One example of how far we have fallen on this score came to public attention yesterday October 22, 2011 in the Washington Post when it became clear that our once unchallenged moral authority has fallen apace with our military set backs, and economic woes.

When the UK-based firm Hermitage Management Capital became embroiled in a charge of tax fraud and evasion in Russia, they hired Russian attorney Sergie Magnitzky to represent them. During Magnitsky's investigation he uncovered evidence that absolved the UK firm from guilt of tax evasion, and revealed, in fact, that Hermitage MC was the victim of fraud perpetrated by powerful Russian financial institutions. During the long litigation period Magnitsky was himself charged with colluding with Hermitage and arrested on trumped up charges. He was incarcerated in the infamous Butyrka prison in Moscow where he appears to have been pressured to abandon and recant the case he had developed. He refused. During his incarceration, he fell ill. Medical attention was limited, and as he continued to resist recanting his positions, he was moved to increasingly harsh confinement conditions where his affliction worsened and eventually died of his ailment. A Russian court ruled his death the result of purposeful negligence and the doctors who treated him and prison official were tried and punished with prison terms. The UK based Economist magazine reporting on this story called his case an example of torture. Other exposes followed and "the Magnitsky case" soon became a cause celebre in the UK and on the Continent.

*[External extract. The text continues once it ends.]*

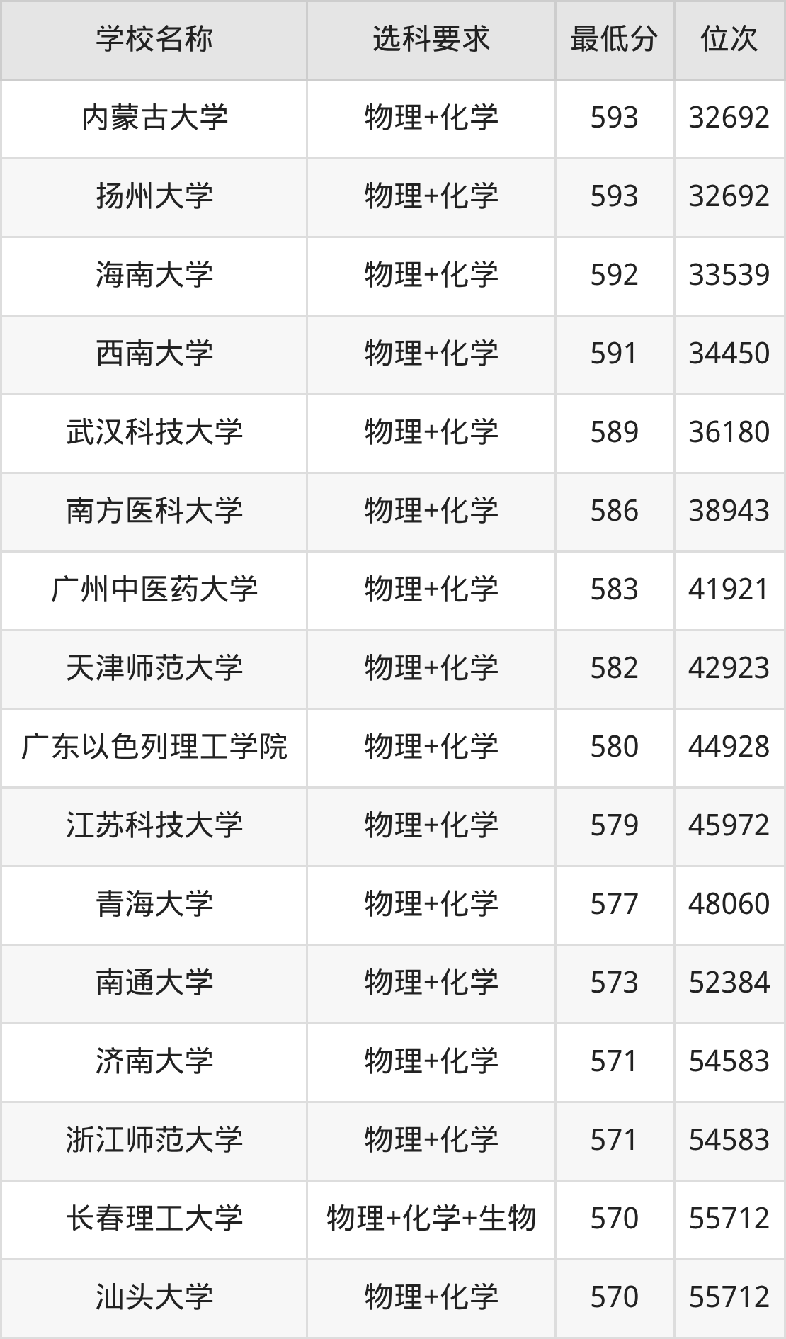 需要注意的是,生物技术专业大学中有55所要求考生必选“物理+化学”,如中山大学、北京科技大学等;有6所要求考生必选“物理+化学+生物”,如长春理工大学、牡丹江医科大学等,因此大家在报考前要提前了解清楚专业选科要求。

After Magnitsky’s death the case received further wide publicity in the UK and Europe, where eventually the EU Parliament voted for the banning of entry into the EU of sixty Russian officials who were deemed responsible for the brave attorney’s death. The Canadian Parliament followed suit, resolving to deny visas and to freeze Canadian assets of this group of Russian individuals. Here in the US, Senator John McCain co-sponsored the Justice for Sergei Magnitsky Act in October 2010, which would forbid entry into the US of the sixty individuals named in court documents. Recently, it was revealed (see October 22, Washington Post) that the Obama Administration put into effect the legislation and added these sixty people to our “banned for entry” list.

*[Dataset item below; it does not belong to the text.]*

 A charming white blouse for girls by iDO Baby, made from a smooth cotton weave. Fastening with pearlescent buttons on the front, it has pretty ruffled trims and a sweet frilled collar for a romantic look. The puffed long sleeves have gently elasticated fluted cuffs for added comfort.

The Russian response remained muted as the statutes voted on in both the European and Canadian parliaments went into effect, but when the US chimed in, they attacked us viciously. The Russian foreign minister Alexander Lukashevich lashed out in what the Washington Post called “ unusually strong terms: stating: “Such (US) moralizing-calls appear especially cynical against the background of the practical legalization of torture in the US, special prisons, kidnapping, and mistreatment of terrorism suspects, the indefinite detention of prisoners in Guantanamo, and uninvestigated murders of civilians in Iraq and Afghanistan.”

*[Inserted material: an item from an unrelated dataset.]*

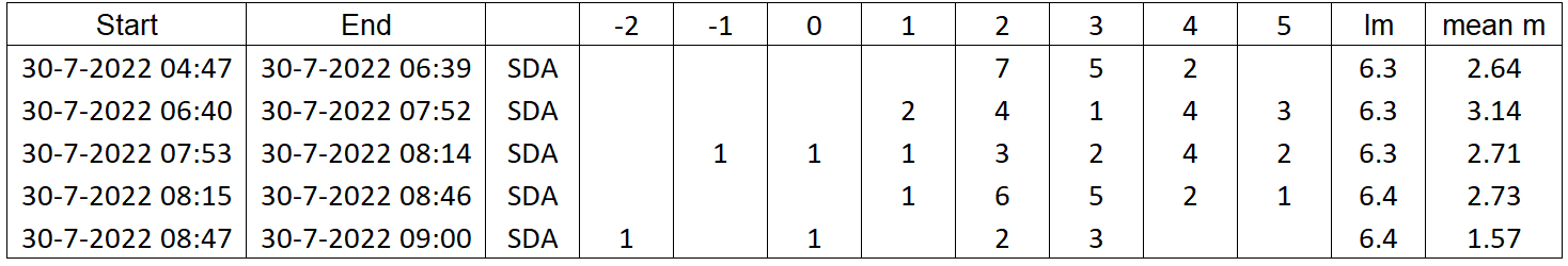 Table 8. Magnitude distribution of SDAs on July 29, 2022, as observed by Terrence Ross.

And so is this is the world-view of the USA, after the GW Bush-Obama administrations? Is this what is said sotto voce and behind our backs? I fear it is how we are perceived around the world today. When we speak out on moral issues that need and deserve our support, will we be ignored in the future? Such an outcome is both sad, unsettling, and unfortunate for us, as a sign of our decline, and a loss of moral leadership for the world as a whole.